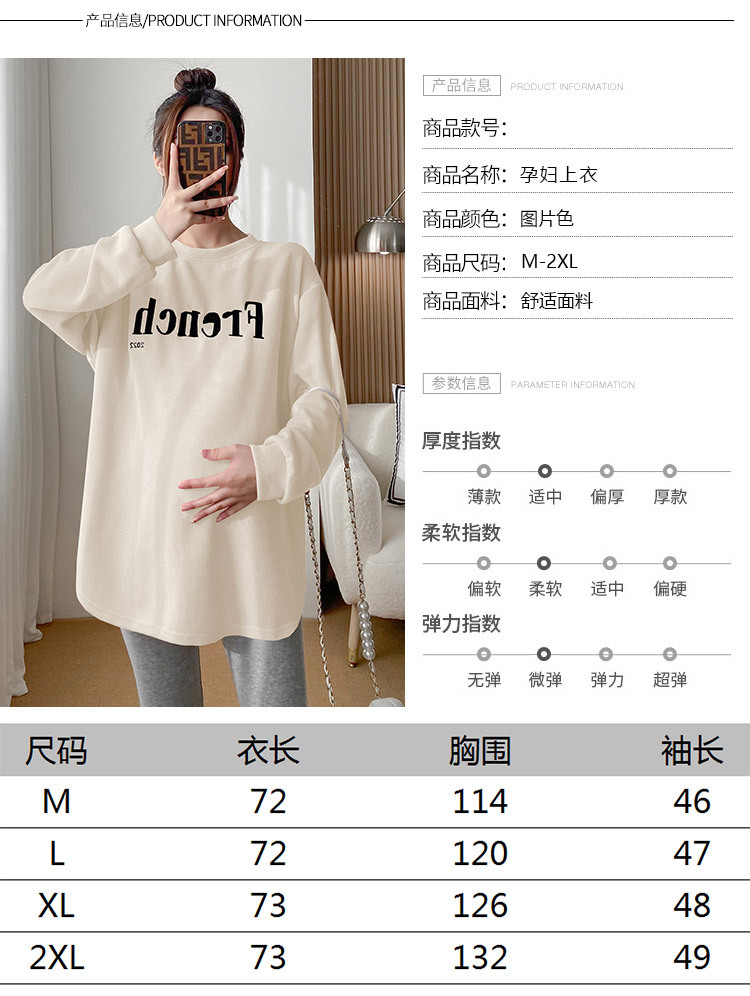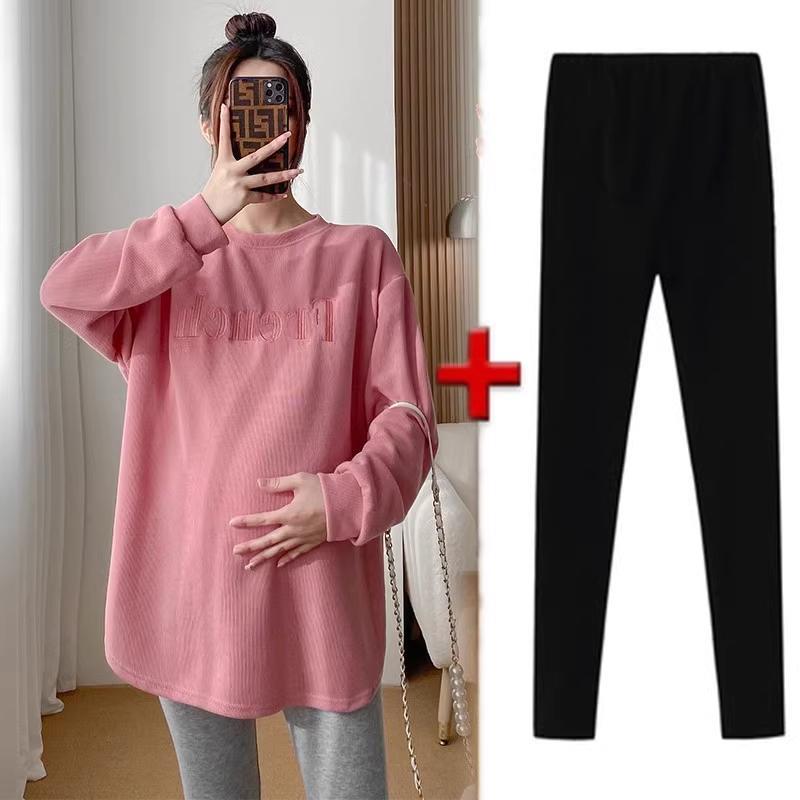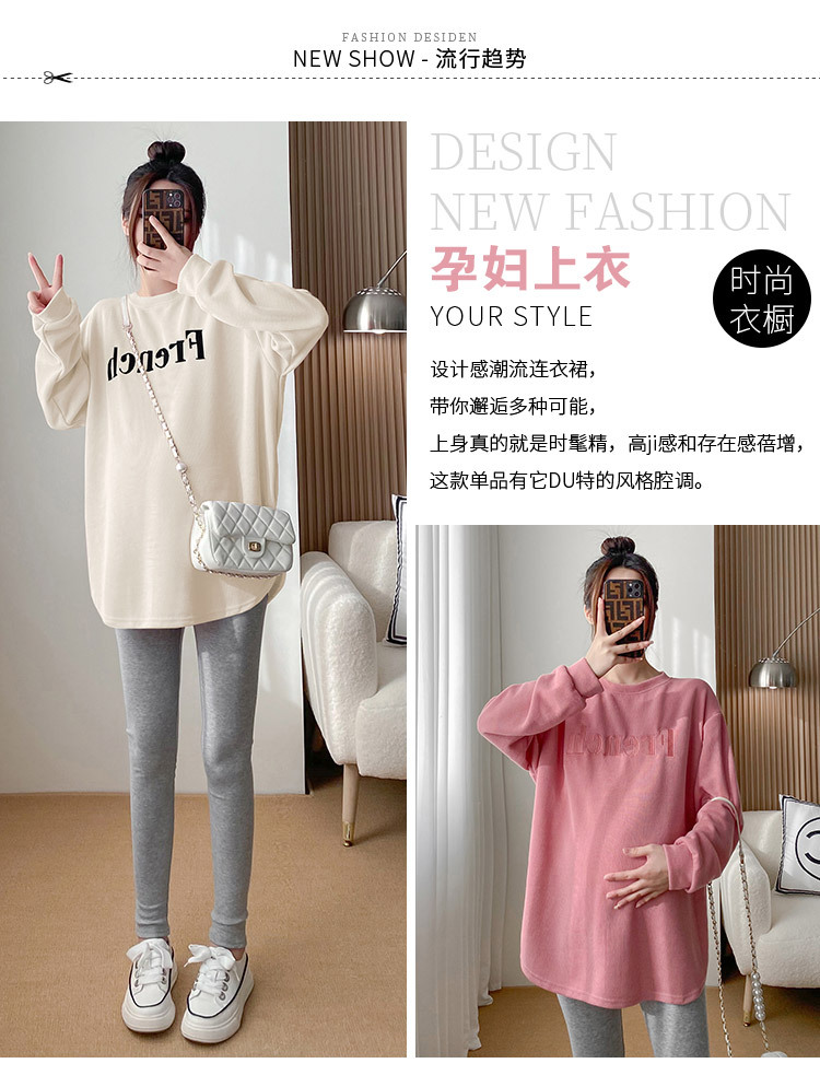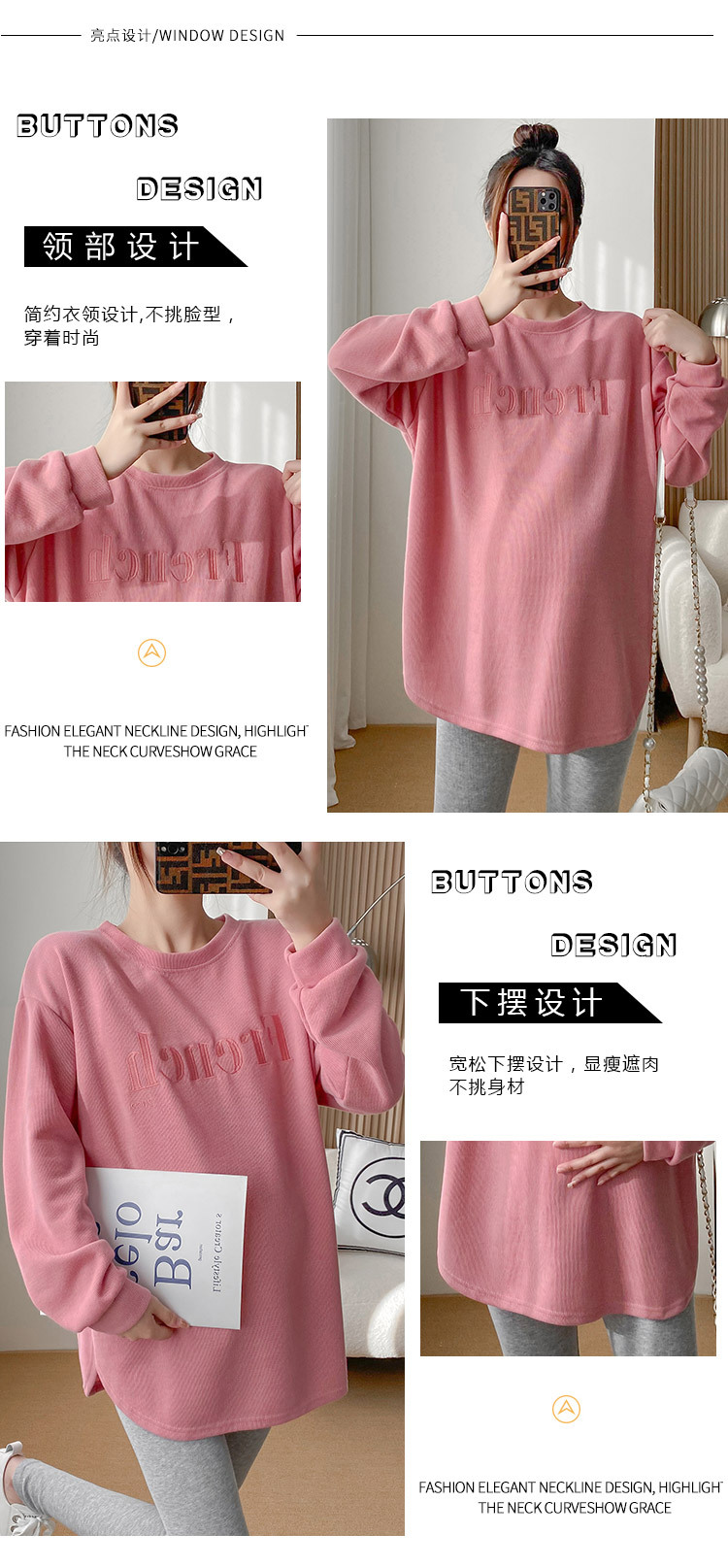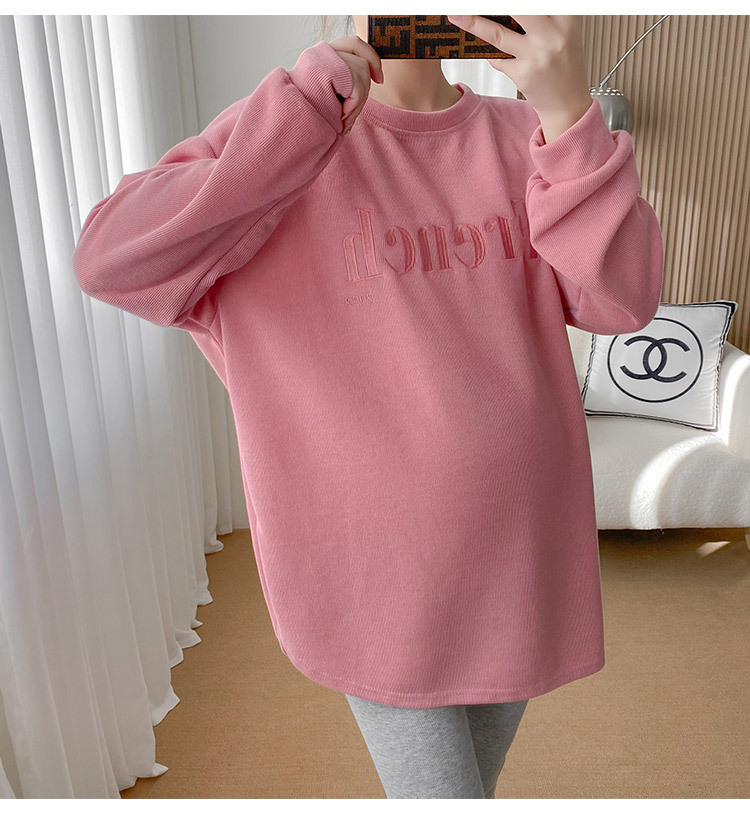 Топ с длинным рукавом для беременных женщин на весну и осень, свитер хорошего качества с Вышивкой Букв в Корейском стиле, свободная универсальная одежда для похудения для беременных
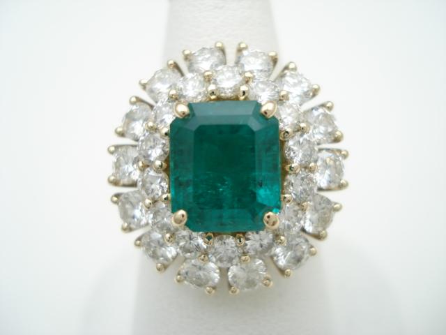 エメラルド/ダイヤ取り巻きリング
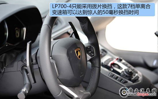 蘭博基尼Aventador LP700-4搭載的是6.5L V12自然吸氣發(fā)動機,沒有渦輪增壓,700匹的馬力和650牛米的最大扭矩,能讓這款超級跑車在2.9秒將速度提升到100公里/小時。另外,這款超級跑車7速單離合變速器的換擋時間僅需要50毫秒,幾乎快接近F1序列式變速箱的換擋速度。蘭博基尼Aventador LP700-4這款車是采用了四驅(qū)系統(tǒng),可以保證更迅速更平穩(wěn)的駕駛狀態(tài),讓這款車跑車可以更穩(wěn)定的加速到350公里/小時。
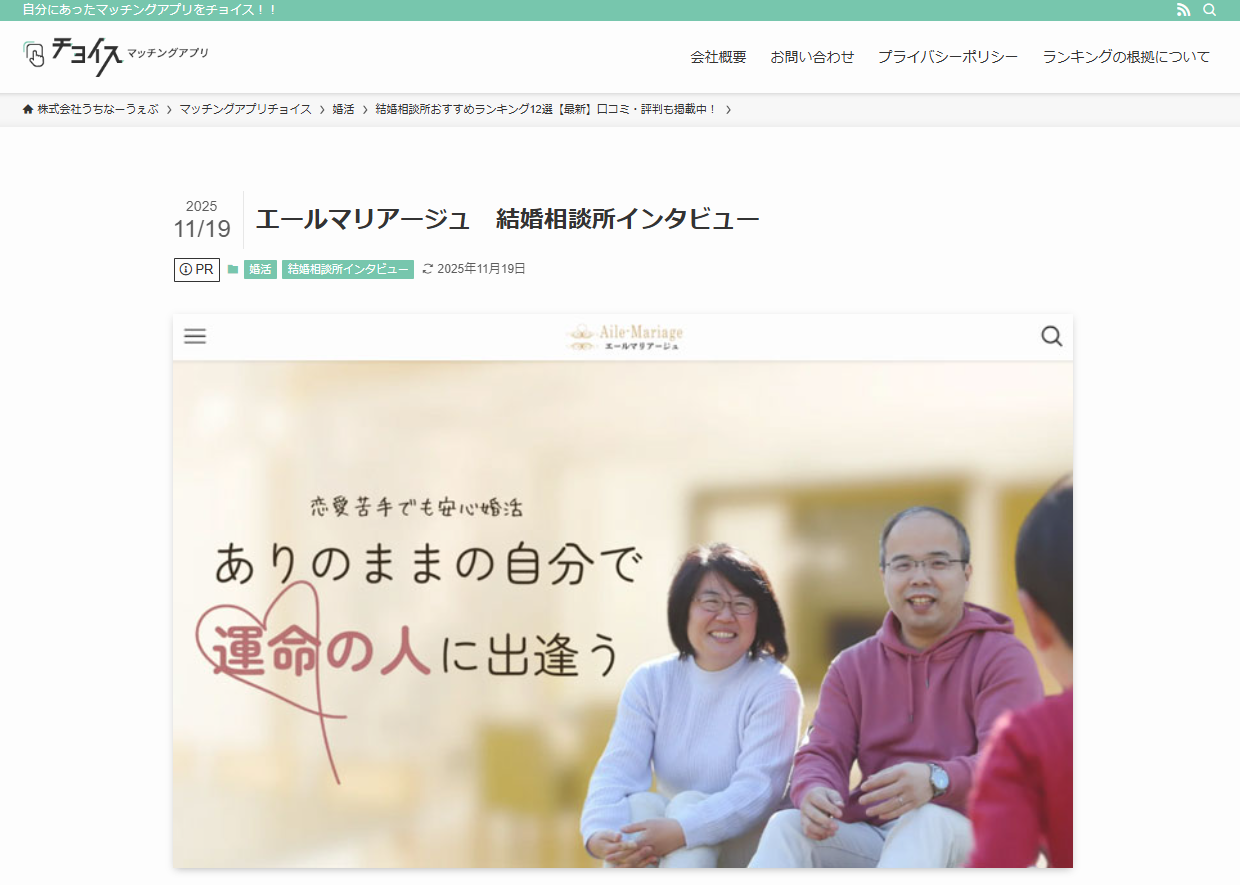 株式会社うちなーうぇぶ様が運営されているマッチングアプリ比較サイト『マッチングアプリチョイス』にて、ご紹介していただきました。
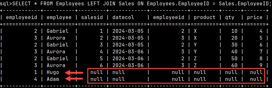 ![]() | SELECT * FROM Employees LEFT JOIN SalesLEFT OUTER JOIN is when we want to expose employees without sales. LEFT OUTER JOIN will show us all rows from the Employees table. If any rows from the Employees table do not have matching rows in the Sales table, then they will be accompanied by null values. Nulls will help us easily see which rows from the Employees table do not have corresponding rows in the Sales table. |

TASK DETAILS:
All pictures are to be skipped; the lines from the first line of the records through the line containing "株式会社うちなーうぇぶ様が運" are to be repeated exactly, both ends included.

FINAL ANSWER:
 Топ с длинным рукавом для беременных женщин на весну и осень, свитер хорошего качества с Вышивкой Букв в Корейском стиле, свободная универсальная одежда для похудения для беременных
 エメラルド/ダイヤ取り巻きリング
 蘭博基尼Aventador LP700-4搭載的是6.5L V12自然吸氣發(fā)動機,沒有渦輪增壓,700匹的馬力和650牛米的最大扭矩,能讓這款超級跑車在2.9秒將速度提升到100公里/小時。另外,這款超級跑車7速單離合變速器的換擋時間僅需要50毫秒,幾乎快接近F1序列式變速箱的換擋速度。蘭博基尼Aventador LP700-4這款車是采用了四驅(qū)系統(tǒng),可以保證更迅速更平穩(wěn)的駕駛狀態(tài),讓這款車跑車可以更穩(wěn)定的加速到350公里/小時。
 株式会社うちなーうぇぶ様が運営されているマッチングアプリ比較サイト『マッチングアプリチョイス』にて、ご紹介していただきました。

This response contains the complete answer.